Марджери? Ах да! Молодая жена Даниэля! Довольно необычное поручение для невесты в первый день после свадьбы — ухаживать за мужниной бабкой! Когда-то в будущем, как вспомнил Кадфаэль, Марджери Бель, единственная дочь торговца тканями Эдреда Беля, должна получить очень неплохое наследство, ведь у нее не было братьев; впрочем, она и сейчас уже принесла в дом хорошее приданое. Неплохое приобретение для семьи скопидомов! Неужели у нее совсем не нашлось женихов и родители выдали ее замуж за первого, кто сделал предложение? Или ей давно приглянулся Даниэль, и она сама выбрала этого кудрявого, избалованного красавчика, который сейчас, уединившись в мастерской, наверное, злится, хмуро подсчитывая убытки?
— А как себя чувствует ваш батюшка?
— Ничего. С ним понемногу все обойдется, — деловито ответила Сюзанна. — Папаша был в изрядном подпитии, и это, вероятно, спасло его. Обмякнув, он плюхнулся, как мешок. Загляните, пожалуйста, к нему, когда она вас отпустит! — И, сдержанно улыбнувшись на прощание, Сюзанна оставила Кадфаэля и бесшумно удалилась вниз по лестнице.

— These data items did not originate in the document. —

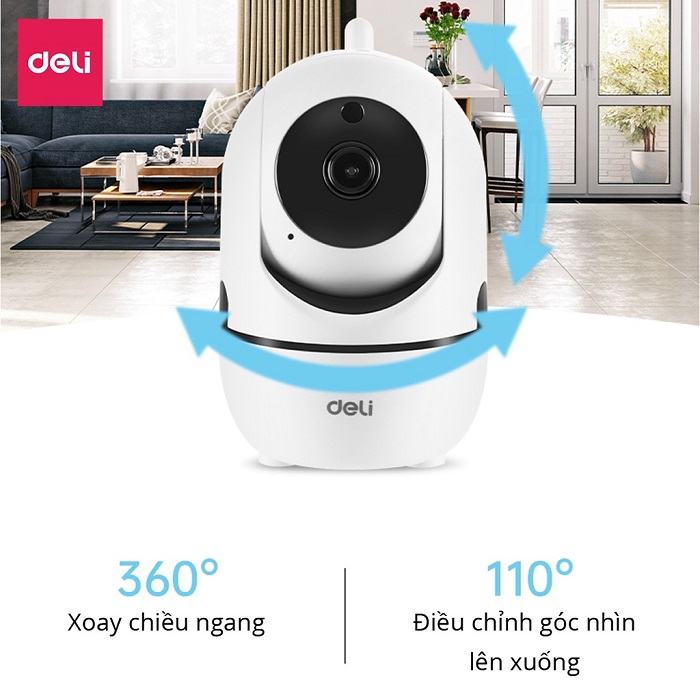 2. Camera Wifi IP Deli Full HD 2M xoay 360 độ giám sát gia đình, văn phòng - ES104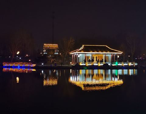 ...钢企业之乡—枣强,晚上到滨河公园和董子公园健走,沿河边五光十色的灯光秀把这座小城照耀得异常美丽
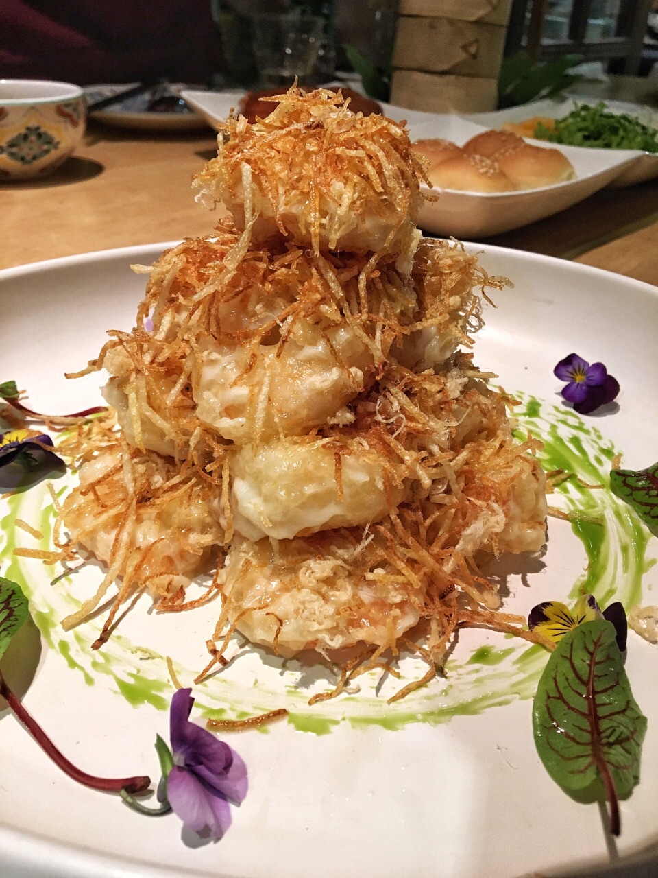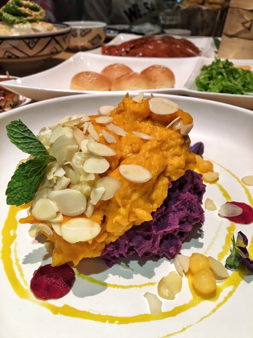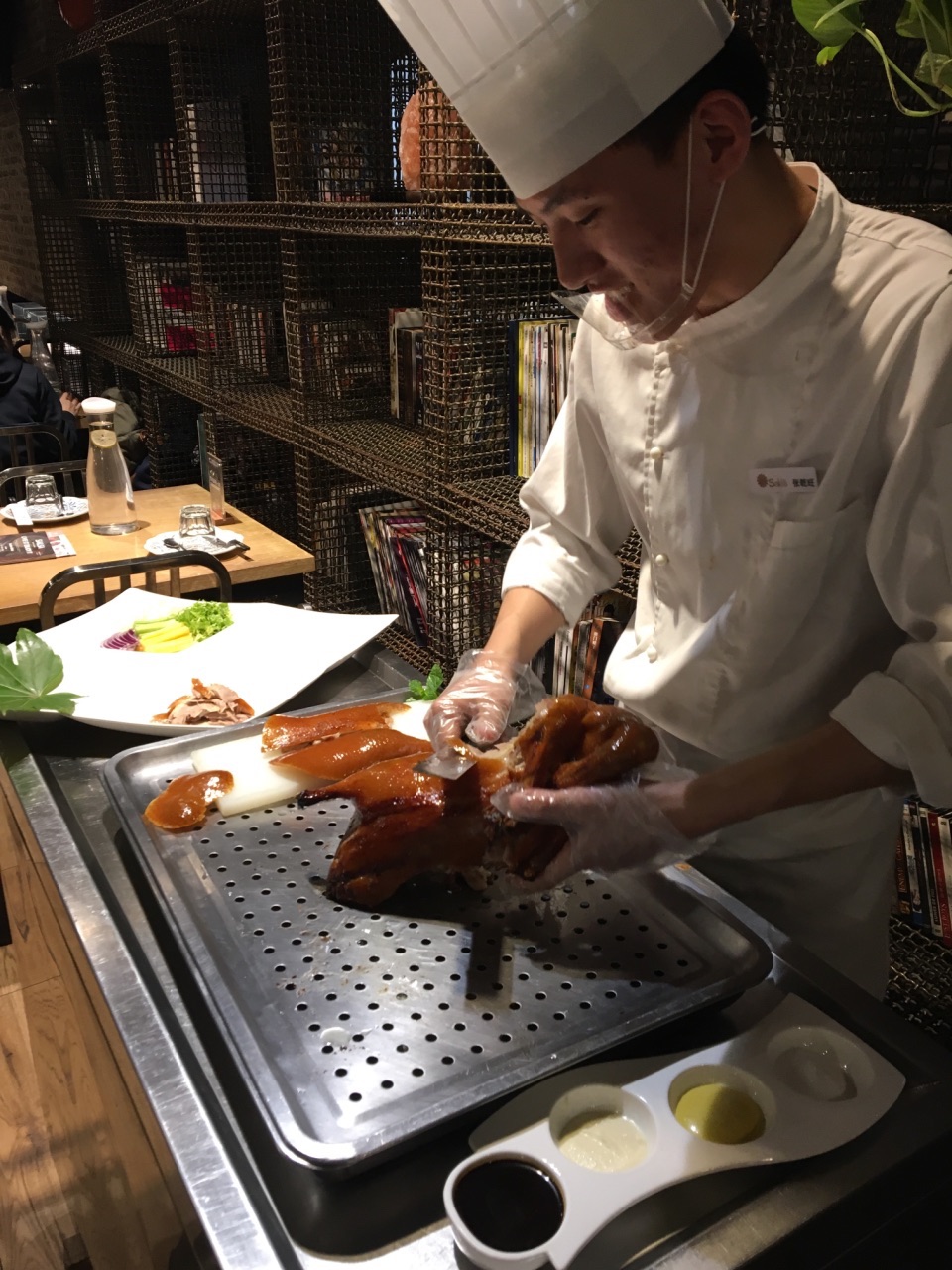 莎莎有五年了,从开始他家刚营业的时候,就喜欢那几道经典菜!!除了样子、摆盘稍微变了一些,味道还是老味道~这是从心里很开心的 芥香虾球虾线处理非常到位,整颗一只大大的,咬起来很Q弹,店家自调的芥黄酱,配上肉松、炸的脆脆的小丝条,非行完美~ 陕西回族麻酱凉皮两种颜色的面皮搭配,绿色白色,上面撒满满满的白芝麻和花生碎,店家独制的辣油,上面漂着满满一层的白芝麻。把辣油淋到面皮上,搅拌均匀,凉皮口感扎实,配上面筋和豆芽菜,爽口麻香~ 招牌紫薯南瓜沙拉紫薯泥和南瓜泥的碰撞,最上面撒上烤好的杏仁片,它的摆盘特别喜欢,三色堇,还有几粒小黄豆,都是好看好吃的 新莎莎排骨这个应该是在原有基础上再次改良,肉质更嫩!而且每跟边上都有脆骨,说明店家选的排骨也非常到位!甜甜的酱汁配上排骨,好香嫩 川府麻香水煮鱼这个真的是很大一盆,非常实在,好多花椒让整个水煮鱼吃起来麻辣鲜香 精品烤鸭中西式两吃法,既有春饼又有小面包,莎莎的烤鸭一定要点,皮烤的油脂储存的刚刚好,不会油腻又会解馋,四种酱料,甜面酱、蒜酱、芥黄酱、白糖(专门配烤鸭皮的),配菜有哈密瓜、黄瓜、葱、生菜丝,把它们和抹了甜面酱的烤鸭裹在一起,真的太香了!!!对了,点烤鸭留下的烤鸭架子,可以让店家帮忙做汤哦~ 椒盐蘑菇他家很经典的一道菜,蘑菇润润的,蘸上椒盐粉,很过瘾的!一口一口停不下来! 黑樱桃华夫也是他家非常经典必点甜品!华夫饼QQ润润的,上面的卡仕达酱,腌渍好的黑樱桃,每一口吃起来都很饱满,强烈推荐

Если припадок и впрямь лишил почтенную матрону дара речи, то надо сказать, она на удивление быстро оправилась. Старушка лежала пластом, не поднимая головы от подушки, и правильно делала. Ей следовало провести в этом положении денька два. Зато язык ее работал не переставая все время, пока Кадфаэль щупал ей лоб, считал удары сердца и, оттянув веко, внимательно исследовал зрачки налитых кровью серых глаз. Он дал ей выговориться, не вступая в разговор, и только слушал, стараясь не упустить малейшей подробности из ее рассказа.
— Вот уж чего я не ожидала от господина аббата! — возмущалась Джулиана, поджимая тонкие сизые губы. — Как мог он встать на сторону какого-то побродяжки! Это же настоящий разбойник — вор и убийца! А он пошел против нас — честных ремесленников, которые исправно платят подати и свято блюдут все обряды христианской церкви. Как же вам всем не стыдно было давать приют такому негодяю!
— Насколько я слышал, — кротко возразил Кадфаэль, роясь в своей сумке, где у него был пузырек с порошком сушеной омелы, — ваш сын не умер и не собирается умирать, тем не менее ваши гости целой толпой погнались за актером с криком: «Держи убийцу»!
— Ему просто повезло, что он не погиб, — сказала, как отрезала, старуха, — И потом неважно, жив он или мертв! Сами знаете, за такие дела полагается виселица. А помри я тогда, что бы вы на это сказали? Дело могло кончиться двумя смертями в придачу к разорению семьи. Какой-то несчастный менестрелишка, а столько бед натворил за одну ночь, что дальше уж, кажется, некуда. Ничего! Он еще за это поплатится! Хотя бы и через сорок дней, а мы своего дождемся. Уж он от нас не уйдет!
— Если он убежал от вас, нагруженный вашим добром, — сказал Кадфаэль, отсыпая себе на ладонь щепотку порошка, — то к нам в церковь он уж точно прибежал без поклажи. Один ваш жалкий пенни — вот все, что тогда было при нем!